=== What this task involves ===
In the entries below, begin at the line that has "Double sink Separate" and stop after the line that has "Із 28 листопада"; output those lines exactly, leaving out pictures.

=== Data excerpts ===
-.-.-
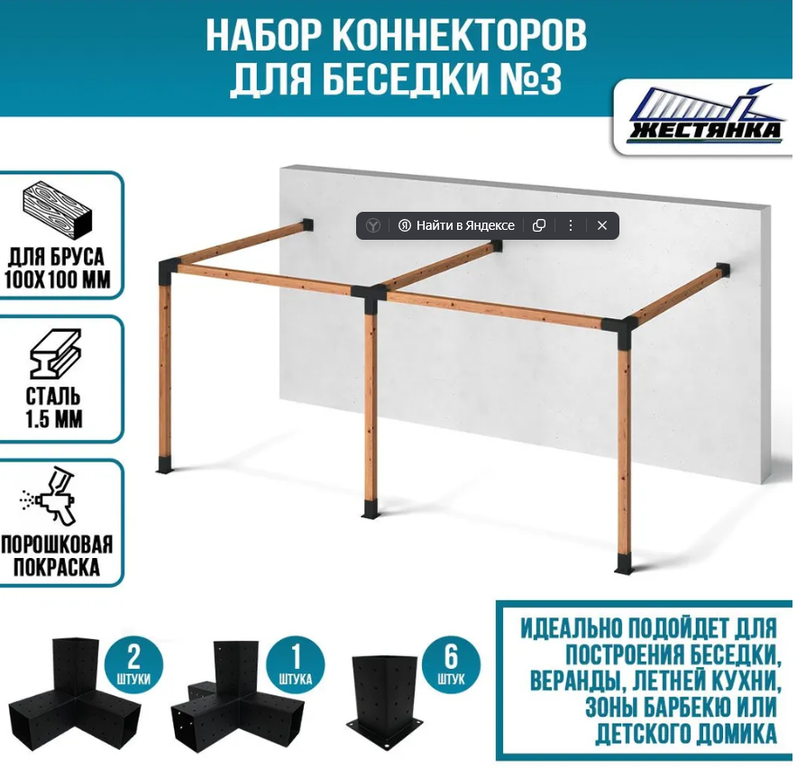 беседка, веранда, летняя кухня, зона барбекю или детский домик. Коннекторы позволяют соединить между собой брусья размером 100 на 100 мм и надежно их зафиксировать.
-.-.-
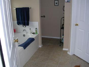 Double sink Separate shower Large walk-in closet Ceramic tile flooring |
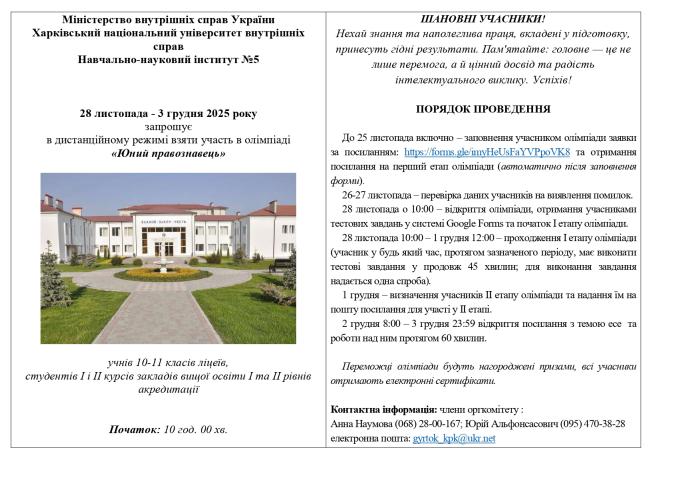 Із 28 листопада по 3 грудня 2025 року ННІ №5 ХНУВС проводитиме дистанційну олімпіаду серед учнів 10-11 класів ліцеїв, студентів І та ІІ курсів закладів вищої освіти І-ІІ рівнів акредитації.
-.-.-
=== Solution ===
 Double sink Separate shower Large walk-in closet Ceramic tile flooring |
 Із 28 листопада по 3 грудня 2025 року ННІ №5 ХНУВС проводитиме дистанційну олімпіаду серед учнів 10-11 класів ліцеїв, студентів І та ІІ курсів закладів вищої освіти І-ІІ рівнів акредитації.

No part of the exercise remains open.